まるでステアリングに神が降りてきたような走り

 まずはデザインチェックから。1シリーズと同型のプラットフォームを使うが、ボディパッケージはハッチバックではなく、大人が楽しめるセダンベースのカッコいい4ドアクーペだ。その原点はインプレッサやランエボではないかとBMWのエンジニアに問いただすが、さすがにこの2台は知らないらしい。それよりも、BMWは美しいクーペスタイルに4ドアセダンという機能を合体させたから、どうですか? と自信をのぞかせる。じつはドイツのデザイナーが重視する思想は「バウハウス」。これは「美は機能をフォローする」という意味で、セダンという機能と美を融合させたデザインと理解できる。

 こうしたセダン・クーペスタイルを、イケてる大人がほしいと思うのは私だけではないだろう。M3までの性能は要らないが、そこそこ早いセダンがほしいのだ。日本では「セダンはオワコン」と考えがちが、アメリカの若者はどうやら「セダン好き」になっているようだ。

 コクピットに乗り込み早速ドライブするが、太めのステアリングホイールをグリップするとBMWのMモデルだと気づく。BMWの工場に隣接するテストコースで200キロ近いスピードで走ることができたが、M235はFFベースのAWDで、エンジンは2リッターターボ。ギヤボックスはミニと同じツインクラッチの7速だ。だから小気味よくギヤチェンジが楽しめる。もちろんエンジンのレスポンスは文句ない。

 ハンドリングは秀逸だ。まるでステアリングに神が降りてきたような正確なライントーレスをもつ。BMWはアルファロメオと同じく、アンダーステアを嫌い、ステアリングに魂を込めている。70キロくらいで旋回するコーナーを攻めると、まるでゴーカートのような感覚だ。これはミニと同じだ。やや路面が濡れていたが、タイヤが滑りそうになると、「DSC」が的確にブレーキ制御を介入させ、クルマを安定させる。ブレーキも満足できる。踏力に対してビルドアップが高く、初期のブレーキGが瞬時に立ち上がる。グッと減速Gが立ち上がる。ペダルフィール、多少ストロークするので、一般道路でも使いやすい。

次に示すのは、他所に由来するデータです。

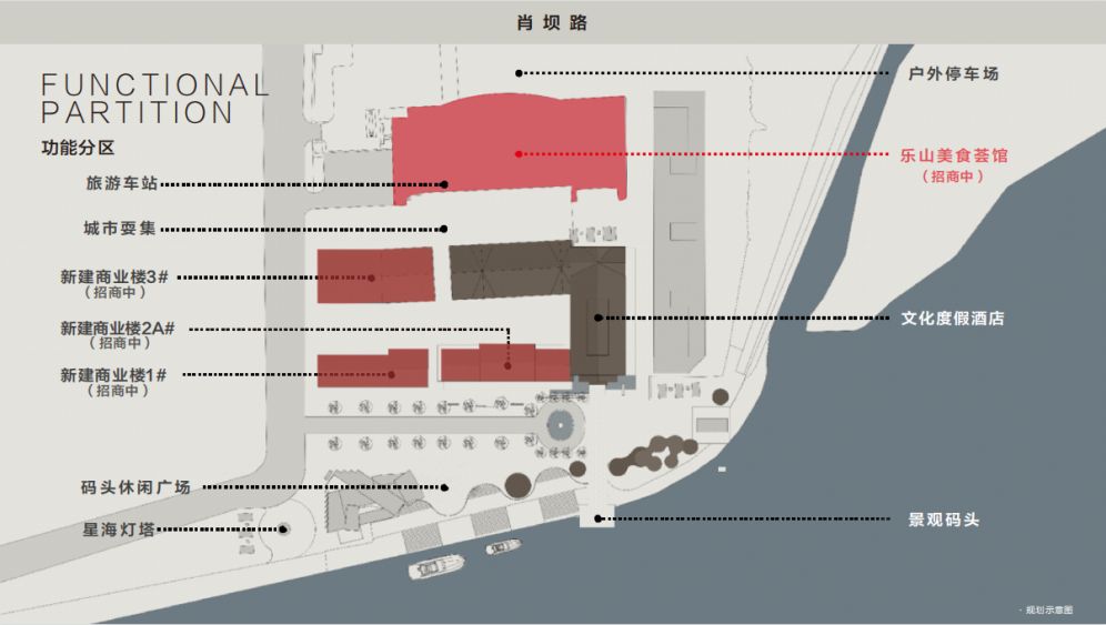 为深化“耍文化”内核,将原本功能单一的建筑体,通过合理规划布局,打造集旅游集散中心、乐山美食餐饮、潮流文化市集、高端餐饮娱乐、文化主题度假酒店、交通运输等多功能于一体的商业综合体,有效实现居民得实惠、商家得实利、城市得发展的三赢局面。

 公道では乗り心地中心に評価したが、ダンピングが利いたライドフィールは悪くない。ときおり、荒れた路面ではタイヤとサスペンションの硬さが気になったが、BMWネスを好むなら、十分に許容できるものだろう。

 高速道路ではないが、流れがよい公道ではADASを試すが、先代モデルよりもさらに進化し、とくにステアリングの車線トレース性は素晴らしかった。今、この領域の技術では、テスラとBMWが機能的に進んでいる。M235は2025年中に日本で市販されるが、セダンオワコンではないM235グランクーペの魅力を日本でも味わいたい。